GVSU CIS 263

Week 12 / Day 1

Big-O for divide and conquer

• In general, divide and conquer algorithms fit this pattern:
  • T(n) = aT(n/b) + O(n^k)
  • b Describes the number of pieces that you cut the input into. (e.g., b = 2 for Merge sort.)
  • a is the number of recursive calls.
    • It is common for a == b
  • O(n^k) is the amount of work needed to put the pieces together. (For Mergesort, this is O(n), for the Matrix multiply it is O(N^2))
• This recursive formula is called a recurrence relation.
• Let’s see if we can get the formula in a closed form.
• For simplicity, assume N is a power of b: N = b^m
  • For example, if b is 2, we assume N is a power of 2.
  • T(b^m) = aT(b^m/b) = (b^m)^k
  • Simplify and rewrite (b^m)^k
  • T(b^m) = aT(b^(m-1)) + (b^k)^m
• Now for an algebra trick: Divide everything by a^m
  • T(b^m)/a^m = T(b^(m-1))/(a^(m-1)) = ((b^k)/a)^m
• At this point, we can see how to “unwind” the recursion.
• Switch to paper notes

Week 12 / Day 2

Dynamic Programming

Sometimes the algorithm naturally repeats work. Make sure you save it instead of repeat it.

• Recursive Fibonacci
  • Can create a lookup table on the side, and keep the recursion; but, it’s faster to recognize you need to fill the table from bottom to top, so we can just do that with a loop and skip the recursion.
• Ordering Matrix Multiplications
  • Given non square matrices ABCD, it matters whether we do
    • (A)(B(CD))
    • (AB)(CD)
    • (ABC)(D)
    • etc.
  • Interestingly, none of the obvious greedy algorithms work.
  • What is the obvious recursive algorithm?

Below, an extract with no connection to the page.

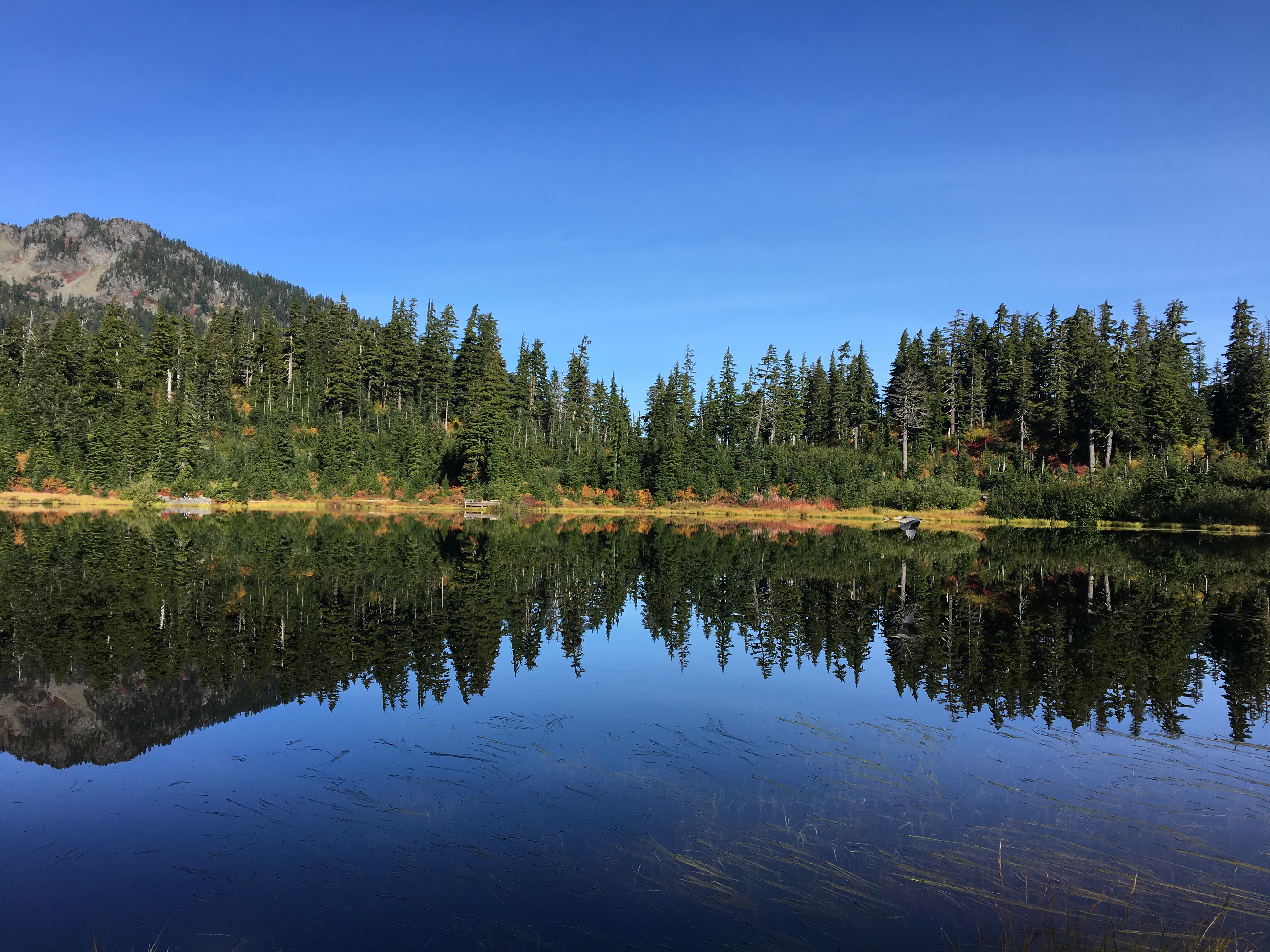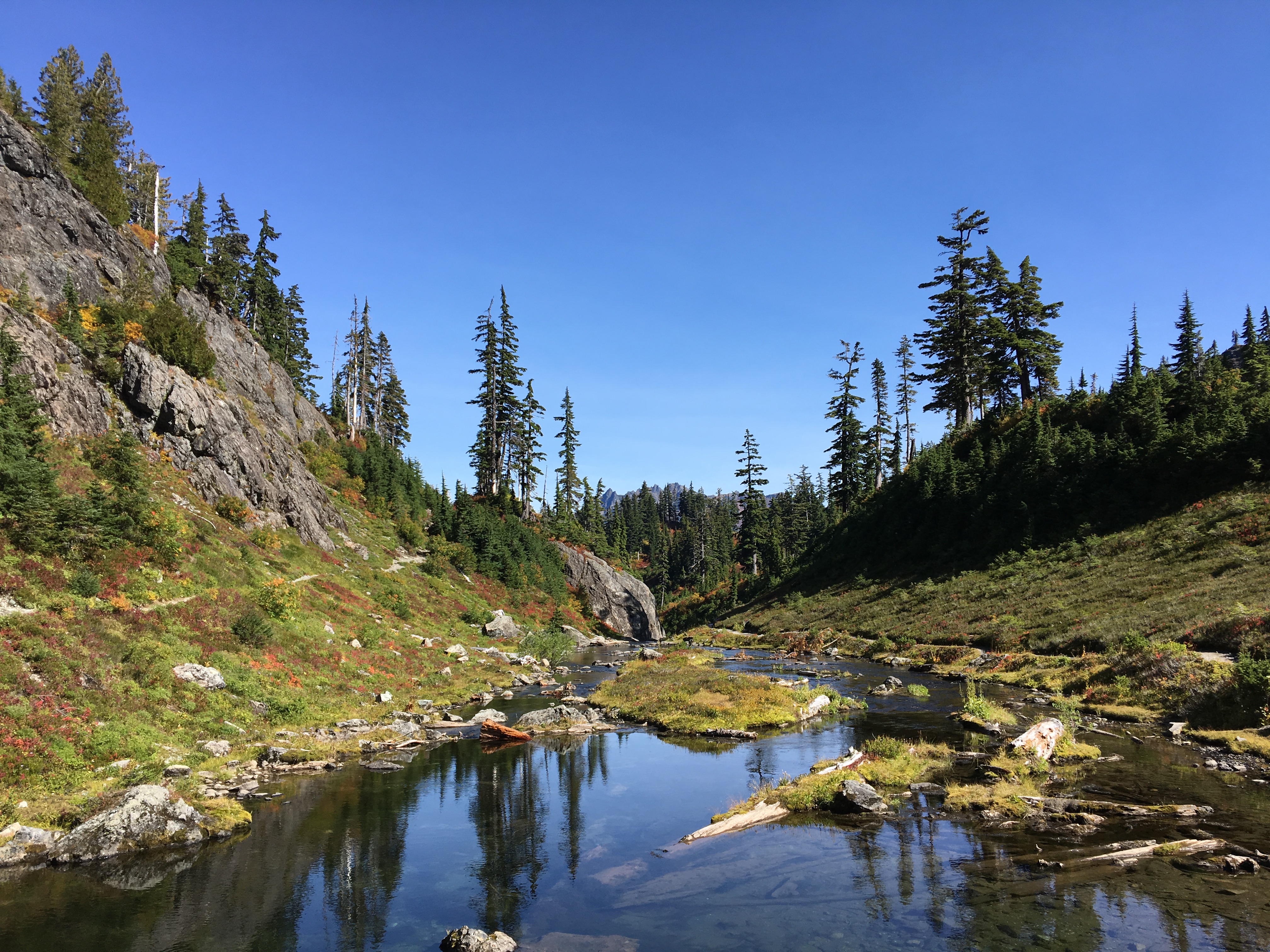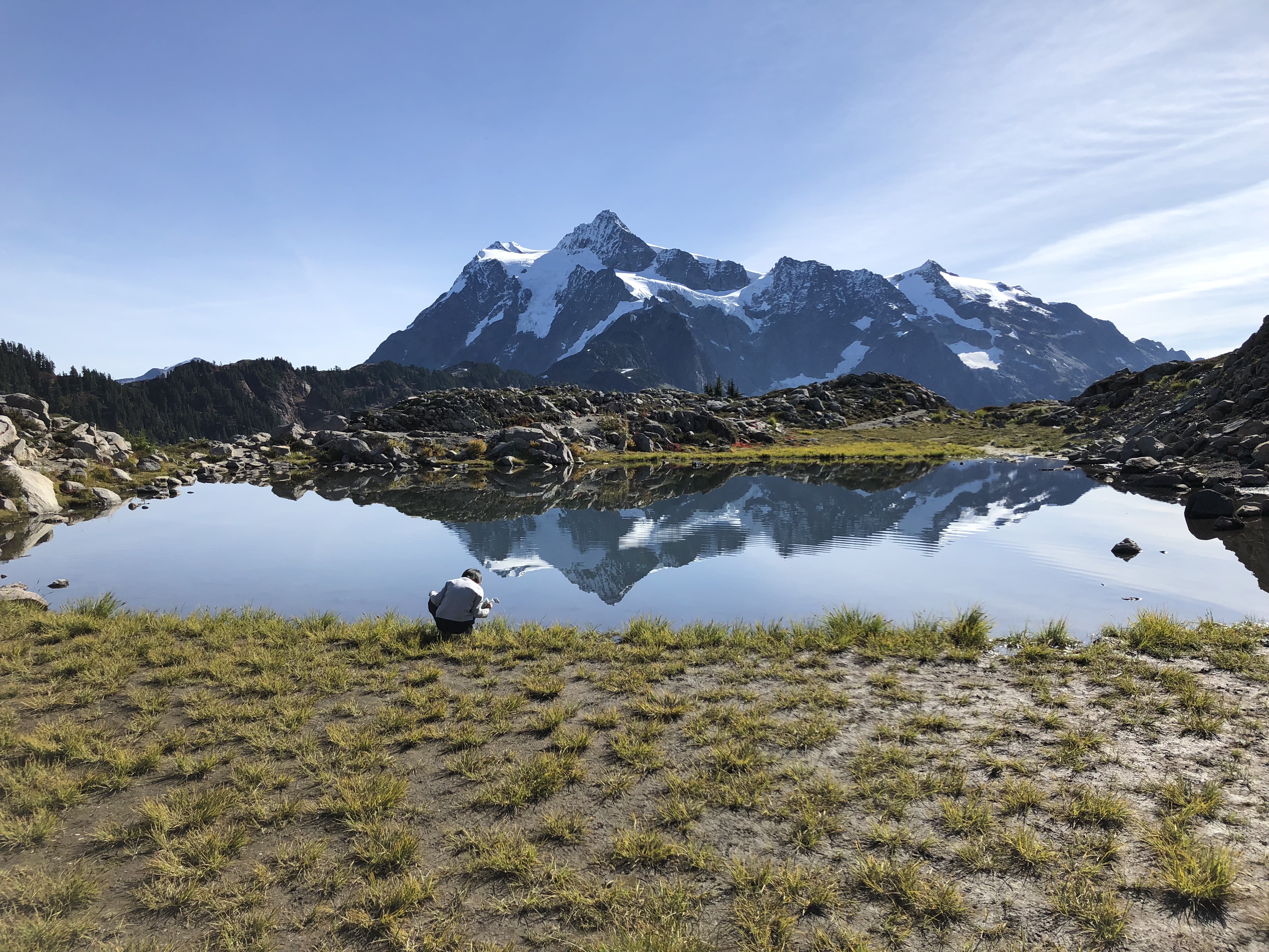 These pictures were from our 2018 late September visit, during which time the wild blueberry bushes had turned red, giving the area a nice touch of autumn. Once you enter the Heather Meadows area, the first beauty that welcomes you is Picture Lake. It is a small lake with a short, less than 1km, trail around the lake. Although small, the view at the lake is very pretty, as Mount Shuksan stands tall far in the background, and the calm waters of the lake is always painting a pretty picture via reflection. After spending some time at Picture Lake and walking the short trail around it, we drove higher up to in elevation and reached Artist Point. We hiked the Artist Ridge Trail from Artist Point. The Artist Ridge Trail is another short 2.4km out-and-back trail with about 80m elevation gain. There was a puddle of snow melted water (which I guess you can call a lake) at the end of the trail, with Mount Shuksan in direct view behind the puddle. After hiking the Artist Ridge Trail, we got back to our car and drove to the visitor center parking lot to explore the Fire and Ice Trail and also parts of the Bagley Lakes Trail. We saw the Bagley Lakes, Bagley Creek, and more beautiful views.

optimal_parens(start, end) {
  for i = start to end {
     a = optimal_parens(start, i) 
     b = optimal_parens(i + 1, end)
     c = cost of (start, i)*(i, end) 
     cost = a + b + c
     min = minimum(cost, min)
  }
return min
}

• However, just as with fibonacci a lot of work would get duplicated
  • (e.g., (ABC) and (ABCD) would evaluate many of the same subtrees.
• How many different recursive calls are here?
  • Just O(n^2). Each combination of i and j where 1 <= i < j <= N
• Thus, if we store each result in a table the first time we calculate it, the algorithm tops out at O(N^3)
• As with Fibonacci, we can save time by avoiding the recursion and recognizing the order the table will get filled. Start on diagonal of matrix and move up toward the corner.